In the second heat the next day Gar Wood noticed he had a cracked gas tank, but patched it and fired out into the lead nonetheless, blowing the monocles right off the faces of those in the stands. Two miles into the race the Miss England II ended up capsizing and sinking after taking a hairpin turn through Wood's wake. Kaye Don and his crewmates were safe, but both he and Gar Wood ended up being disqualified for jumping the starting gun by several seconds. An article in the Chicago Tribune says that another mishap occurred when a dock collapsed under the weight of too many spectators, causing all of them to fall into the river. Again, no one was seriously hurt, but several monocles were reported lost.

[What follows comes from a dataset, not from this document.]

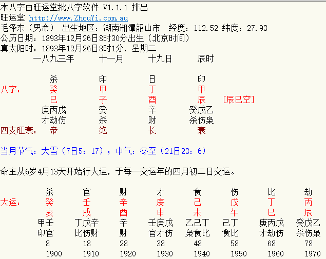 毛泽东八字赏析 一、毛泽东的生辰八字考 毛泽东为1893年12月26日生于湖南湘潭清光绪十九年,十一月十九日。农历癸巳年甲子月丁酉日韶山冲一个农民家庭。1976年9月9日在北京逝世。 毛泽东的生日,据《韶山四修族谱》卷十五记载:“清光绪十九年癸巳十一月十九辰时生。”即农历十一月十九日生。毛泽东身边的工作人员叶子龙等人,从历书上查对,将公历和农历对照,核定毛泽东的生日为12月26日。毛泽东曾风趣地说:“哦,我的那碗面条,此后不在阴历十一月十九日吃,改在阳历12月26日吃!” 二、毛泽东的生辰八字排定 根据毛泽东的生辰八字考,可以按照如下时间来排毛泽东的八字: 三:毛泽东的八字先天格局特性研究与分析 旺运哥:毛泽东的先天八字有几个主要特性,首先是阴阳平衡,木火土金水五行俱全,这一点是我要求八字学员首先要检查一个八字的首要步骤,而且互相辅佐稳固不杂,其五行之间互相制约平衡。另外是透杀藏官,透印而藏财,财印都临日干得用,官在月令又同样得用,即格局上财官印皆强而得用。而气象上藏伤官不伤官杀,皆为贵象。另外天干上形成双印扶住丁火,使本来生在冬季水月的火起死回生,同样为“水火既济”之象;阴阳保持比较大的相互对立和平衡之气势。所以可见毛泽东的八字是五行俱全,阴阳平衡,水火既济,而所有的五行都互相制约之中又能够做到不相互伤害;这是最为关键的一步。历来贵命的八字都害怕一字之差而破格,毛泽东也有比较破局的地方,但是却都不是致命的。下面将逐条分析。先展开分析下其八字的几个贵象: 1、毛泽东的左膀右臂辅助力非常大。 旺运哥:先天八字双甲木化水,官印得用可见,而双甲木皆为正印,同心协力而生扶毛泽东,因此毛的一生绝对不会“孤军在野”;用四柱八字原理,则贵命要重视核心在于吉利辅助;在毛泽东的八字上,则双甲木就充当了这个角色。如同一个人有左辅右弼的辅佐,一生的助力则特别大;双甲木如同左膀右臂,又怎能不逢凶化吉呢? 另外,转宫论法:其核心辅佐力在印,印临官位,则代表其助力印星本身根基也稳固,即辅助他的人自身格局也够大。大的格局来帮助更大的格局,他会更稳固,这是他一生的一个主象。 2、毛泽东的八字显示置于死地而后生。 旺运哥:1,日主丁火生于子月死地,唯其引旺于年支巳火故不枯,但与七杀相比较,明显身弱,身弱需印生,故此八字甲木正印与日主有情。2、丁日干(凡阴日干)无刃不能敌杀,其劫财也不能合杀;时支辰中虽藏有戊伤本可合杀,但戊伤既不透,又远离癸杀,另外辰土乃是水库,故辰土里面的戊土合癸水本身也无力,且上有甲印盖头,有合之心,无合之能。因此,唯一能化杀的只有月时上的两个甲木正印,它们左右鼎立于丁火日主身旁,化杀有力,这就形成了杀印相生而有情的八字格局。故此可见,此造用神相神皆为有情有力又清纯。这是决定此造格局高大的最根本最重要的原因。其次,年干七杀用神带太极贵人,年支巳火喜神带将星,日干丁火又为学堂、福星贵人、太极贵人、文昌贵人、天乙贵人,只是日支忌神酉金带空亡,纵观全局,几乎是满盘一等吉星。这就为此造的大格局锦上添花。所以命主才能贵为国家领袖。然而也许有人会问,此造为什么不能成大富呢?这是因为原局杀格用印,最忌财来坏印破格,所以日支酉财为局中忌神;财代表财富,所以命主与财富无缘,不能成富。而其在位时的一切行为规则。处处含有置于死地而后生之象。而其格局气势之大,也是能够直接领导中国起死回生。所以才也被当时的人们称为中国的大救星是有原因的。 如上所述,此造杀旺身弱,全靠二印化杀生身,并且这杀印有情有力,因此,这印在原局八字中就起着非常关键的作用;印为文,为著作、为学术、为知识……,所以主席在论文、诗词、书法、哲学等文化方面有着非凡的造诣,为历代帝王所难及。这为主席在人生道路上插上了腾飞的翅膀。 3.命中伤官不伤己。 旺运哥:关于毛泽东的八字,最有特色的我认为还不仅仅是以上两条。我们再看毛泽东的八字:年月为官印,而日时为伤官合财;前运当官;后运为伤官,即前面得权柄,后面有改革;而改革的方向在哪里呢?我们把伤官取象为代表创新,为改革。伤官在时辰,则就是毛的晚年革新。而很多人都说毛在文化大革命犯了很重要的错误,这个错误从命上看是很容易存在的,也即他命中的第一个瑕疵所在。 而我们都把伤官定义为凶星,伤官有两种阴阳含义的变化,以及两种利用方式。否则就没有“伤官见官为凶,伤官伤尽反为吉”的两种说法了,但这里我认为的其实还不是利用这两种用法,还有第三种:首先,一般来看,伤官在平民百姓那里就是容易触犯官星而犯旺,即说它容易招惹灾祸的根源,而其实那个命理规则是取自于常理的总结;因为普通人有伤官,则容易犯官,而自身没权没势没力气,怎么克得动官呢?即平民老百姓惹官怎么惹得起呢?所以,得罪不起官又要去惹官,就是“犯旺”,就要招灾。而伤官用在毛主席身上就不一样,他是自己本身为官,而官杀不受伤,有印化为文采和权柄,自然成格,其时辰的伤官则仅仅是晚年对其它官星的压迫,却并没有破坏自己的格局,所以其伤官在地支可以解释为“晚年及暗中对其它官星的伤害;这也是文化大革命的闹剧发生的“命理性原因”。而其八字关键点在于,自星始终伤害不了自己的格局,他星也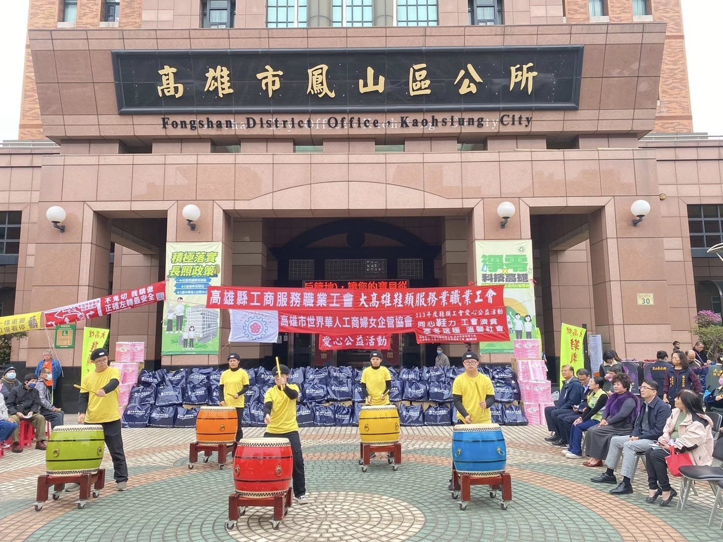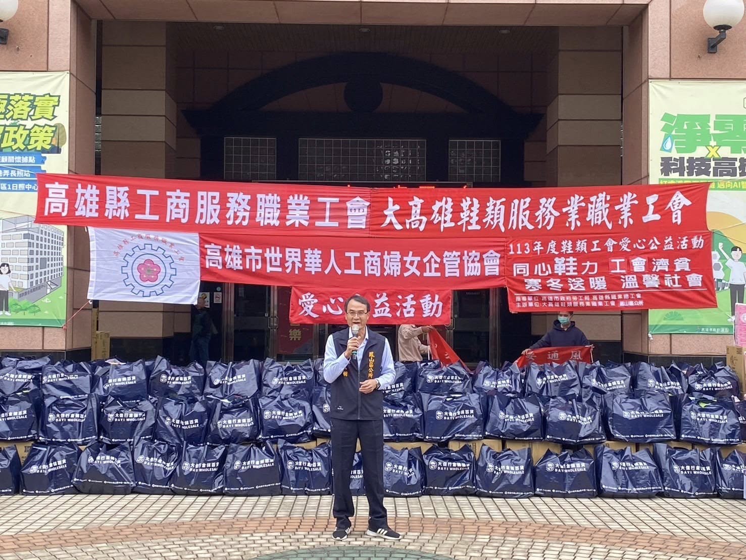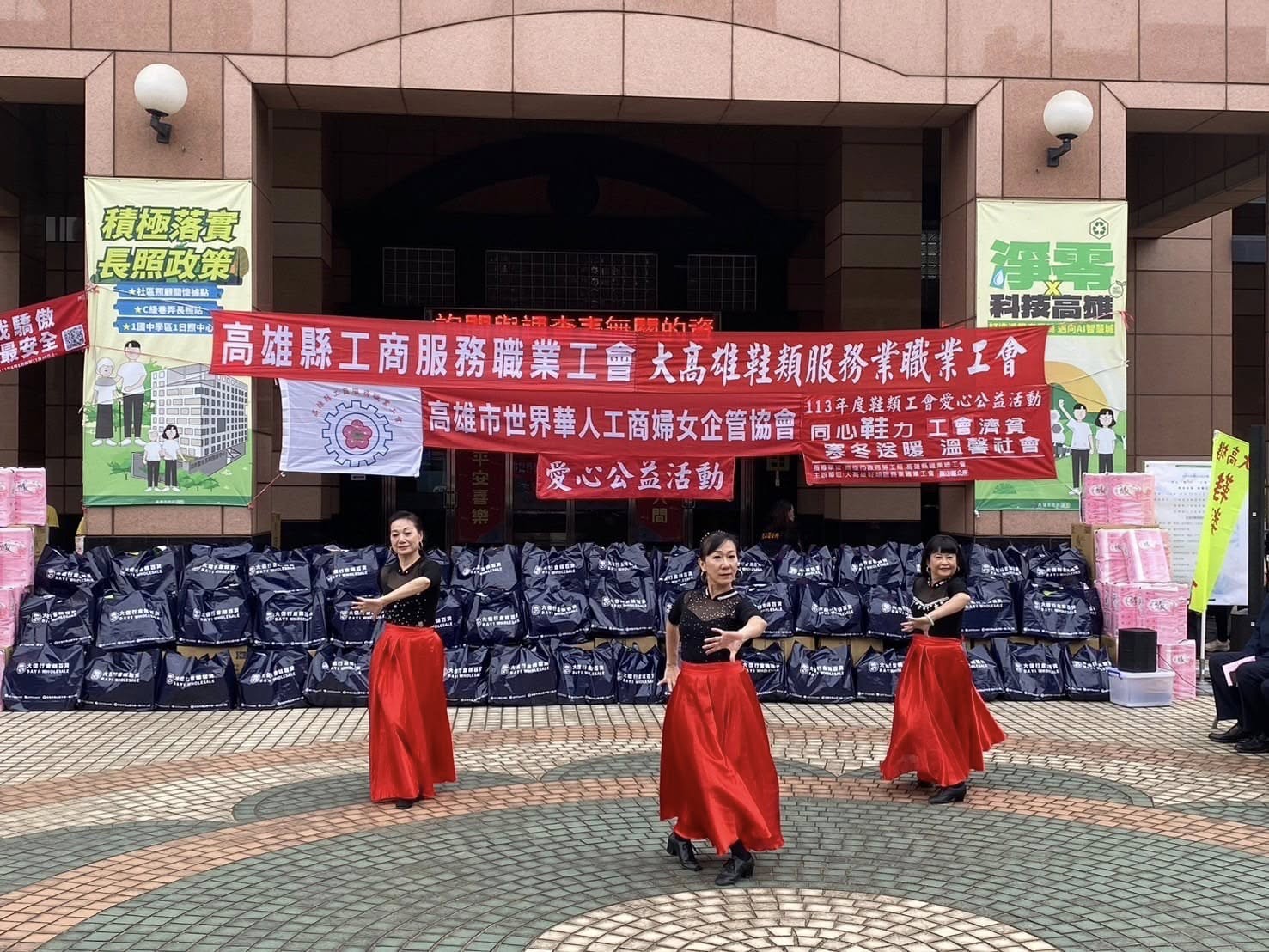 歲末年終,大高雄鞋類服務業職業工會、高雄縣工商服務職業工會及高雄市世界華人工商婦女企管協會今日(12/27日)下午在本所廣場辦理愛心公益活動,贊助鳳山區弱勢家戶民生物資,活動現場邀請唐心幸福庇護工廠、嗓欣樂目樂團及舞采繽紛舞團帶來精彩的表演。鳳山區長吳茂樹表示:非常感謝勞工局江局長、工會理事長、幹部及會員們,長期關懷社會弱勢,散播社會正能量。

Gar Wood rematched Kaye Don at the 1932 Harmsworth, and had no trouble defeating him with his new Miss America X, which was powered by four supercharged Packard V12s, and produced a combined 7,200 horsepower, capable of 125mph. This incredible boat is on display at the Packard Proving Grounds in Shelby Twp., Michigan. Gar Wood successfully defended the Harmsworth Trophy once more in 1933 before retiring from the sport.

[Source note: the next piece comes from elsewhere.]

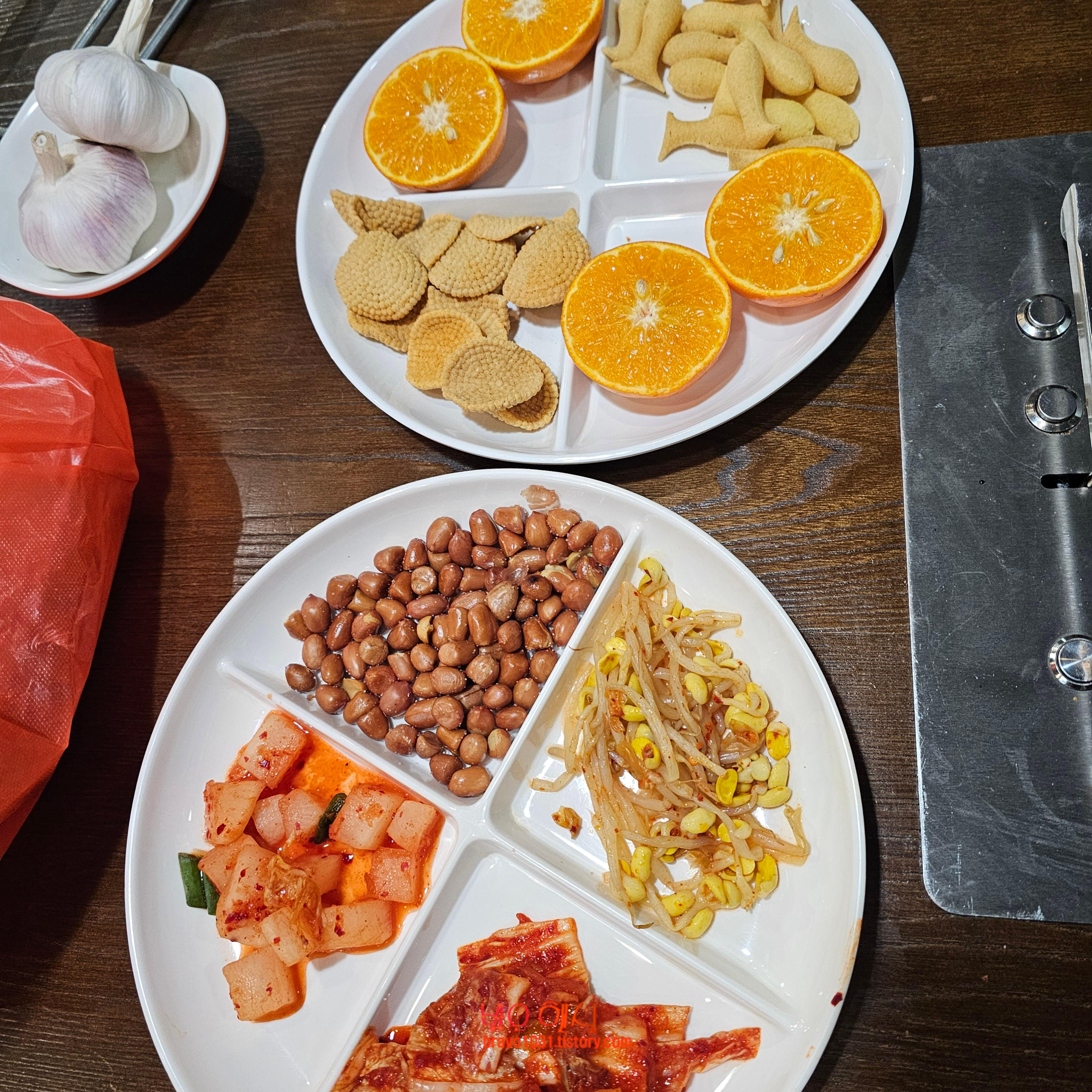 그리고 귤, 과자, 밑반찬 종류등이 세팅이 되어 있는데 기본 세팅된 음식들은 셀프 바에서 추가로 더 가지고 와서 먹을 수 있다.

An issue of Motor Boating says that during the 1933 Detroit Regatta, the Whittier held an exposition of boating-related paraphernalia, including a display by the Electri-Craft Corporation of Syracuse, New York. Their exhibit featured the debut of the first ever all-electric watercraft, which was powered by battery. The Electri-Craft company had their national sales and distribution office here in Detroit, at 500 East Jefferson Avenue.

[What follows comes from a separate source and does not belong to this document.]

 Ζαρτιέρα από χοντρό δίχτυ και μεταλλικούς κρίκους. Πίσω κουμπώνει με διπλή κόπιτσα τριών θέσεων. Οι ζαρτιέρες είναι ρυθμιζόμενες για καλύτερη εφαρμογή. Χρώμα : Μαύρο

I guess the Whittier also had a bit of a hangout spot for hydroplane racers and their ilk back in the 1950s and '60s, according to one message board post. There was a lounge somewhere in here called the "Gold Cup Room" that was apparently pretty popular with that set.

As you can see all the plaster detail and wood paneling of the Whittier's main lobby is just about fully intact. It would not take much to bring this baby back to original shine. The Whittier is an example of what you can do when you jump on an architectural gem before it starts falling apart.


Gorgeous carved oak(?) trim and French doors:


Okay, heading upstairs. There was of course a much fancier staircase than this one, but it was rigged with a motion detector near the bottom, so we used this one.


Another strange story about the Whittier from the 1930s comes from a family history published in 1994 by Gerard Lacey. In 1939 he says, a female book-keeper lived here. After being spurned by her boyfriend (a Detroit Police inspector), she was driven into a fit of rage and killed her child, before leaping out of a 4th floor window of the Whittier to her death.

Before her suicide she sent several letters out to the Detroit Police, FBI, and governor's office accusing various parties of corruption that she apparently must have known about from her detective boyfriend. I did not turn up any articles corroborating this tragic event from my (admittedly limited) searches on ProQuest, but I'm sure that the local ghost-hunting set will be more than happy to fill in the blanks for us with anecdotal explanations.


The Whittier remained a hot spot through the 1950s, and by Google Books hits in several issues of Billboard, they had lounge circuit musicians playing live here regularly.


The main hallway of the building was shaped like a letter "T," and one entered the elevator lobby on each guest floor through an archway:


Notice the "W" logo in tile on the floor:


At the time this apartment complex across the alley was still occupied, but subsequently became vacant by about 2012:


Most of the rooms on the lower floors were fairly standard, but very spacious.


The windows had clearly all been swapped out with modern hotel crap windows, most of which didn't want to open.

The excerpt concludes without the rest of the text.